Russian speech


(Roman Frantov) #1

Hi there!
Let’s start contributing Russian speech to the project!
We need projects like this due to complexity of language. How can I be of help?


(Michael Henretty) #2

Hi Roman,

Thanks for your interest in this project!

Right now, beyond copying the code and setting up your own version of the Common Voice website with all the sentences translated, there is not much we have in place to help you. On the bright side, we plan on doing a big push for localization, and enabling more communities soon. Sadly, this won’t happen for another couple of months.

In the meantime, what you can do is look for a large collection of sentences in Russian that are part of the public domain. Once we have that, collecting voice samples is the easier part.


(Roman Frantov) #3

Hi Michael!
Thank you for your reply!

I will be grateful for any help! I want to do a local instance of Common Voice and ready to invest in translating sentences.

How can we start?

BR

Roman


(Michael Henretty) #4

Localizing and spinning up a new instance of the Common Voice website is the easy part. The hard part is finding a large collection of public domain Russian sentences for your visitors to read. I’d start by looking for this.

Translating the English sentences we use isn’t a good approach because we don’t have enough sentences yet, and we want typical Russian way of talking (not translated Russian way of talking).

Once we find a large collection of these Russian sentences we can use, I can guide you through getting a copy of Common Voice up and running.


(Roman Frantov) #5

You’re right. The languages are so different that we can’t sometimes directly translate a sentence - we need to alternate the meaning a bit.
Where did you get your sentences?

I believe forums and news are not the best idea, right?

Books? Call center calls?

I have an access to a quality monitoring recording of one Outsourcing contact center. But the speech there is quite boring :slight_smile:


(Michael Henretty) #7

We have been collecting them from users lately, but in the past I have used public domain books and movies (War of the Worlds, It’s a Wonderful Life). The problem is that those texts are old and the language is outdated, so we are trying to get people to donate stuff they would say. It hasn’t been a very scaleable approach yet, but I think it’s a good direction.
https://github.com/mozilla/voice-web/issues/341

It really depends. Either can be pretty technical and use a lot of proper nouns, which is less useful I think. But the right forum might have some good stuff, you just gotta find it.

Books also have the “not very conversational” problem. Movies scripts are better. Call center calls are really good, that’s how google trained their original engine.

Is it public domain? License free? If so, this would be an amazing source granted we could use it.


(Roman Frantov) #8

I found great public domain collection of Russian sentences.
https://tatoeba.org/eng/
The whole DB can be downloaded here

https://tatoeba.org/rus/terms_of_use
https://tatoeba.org/rus/downloads


(Michael Henretty) #9

That’s a great find @Roman_Frantov, and thanks for looking into this.

We have investigated Tatoeba in the past, and the problem is that their license CC-2, is not compatible with our CC-0 license.

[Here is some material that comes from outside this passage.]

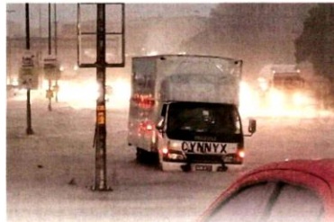
■水位高涨，罗厘也进退两难。
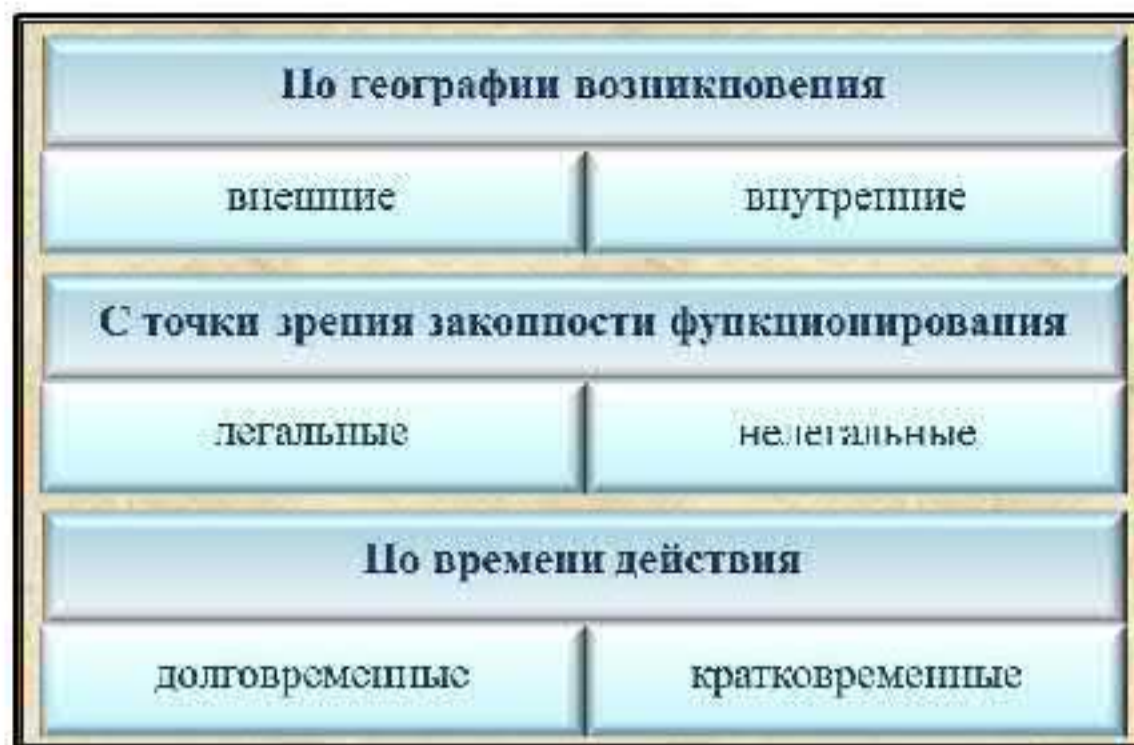
Рис.3. Классификация источников финансирования терроризма

Основными методами финансирования субъектов террористической деятельности на территории России являются:

That project is amazing though, so I will reach out to them and see if we can work something out.


(Roman Frantov) #10

Sorry, can’t really tell the difference between cc-2 and cc-0 in this case. Can I be of help communicating with them or we shall find another corpus?


(Michael Henretty) #11

Thank you @Roman_Frantov for the offer to help! Are you part of the Tatoeba community?

We are already talking to Trang, the founder of Tatoeba, about collaboration. The conversations so far are sounding very positive, and we may start some sort of collaboration in early 2018.


(Roman Frantov) #12

@mhenretty I joined the community recently. Good to hear that you’re moving on with them!


(Лариса) #13

Hi! This is an interesting part. How to manage “kinda”, " dunno"? Another good case is " ain’t", different by nature though. Anyway, this is the easiest part. Voice music is more challenging.


(Лариса) #14

My guessing is that professional assistance is required at least for cases ( nominative, dative etc.) of numerals. They are indeed complicated, some are being distorted in colloquial language. Personally, I wouldn’t decide in this capacity.


(Nikita Mekh) #15

Any news about russian speech? How can we help to start Russian localization?


(Luc Salommez) #16

Hi Nikita, before a language can be released it is needed to gather written sentences people will be able to speak.

You can contribute written sentences on this website : https://voice-sprint.mozilla.community/
Even though it is written “10-11th May”, the website still works and you can contribute there.

Once enough sentences will be gathered, the Russian language should be available for speech contribution.

Be aware though that the sentences you contribute must be free of copyright.

Thanks you for contributing to this project :).


(Nikita Mekh) #17

Thanks. I will try to contribute as much as possible.
How can I check current work process? How many sentences are already collected for russian? What is the goal? This information can be very useful for contributors


(Luc Salommez) #18

As a contributor myself I do not have access to those informations.
In my opinion, as Russian is spoken by a lot of people it shouldn’t be too long before it is released.

Note though that you have to be on the russian version of the Common Voice website to access the russian contribution section for voice.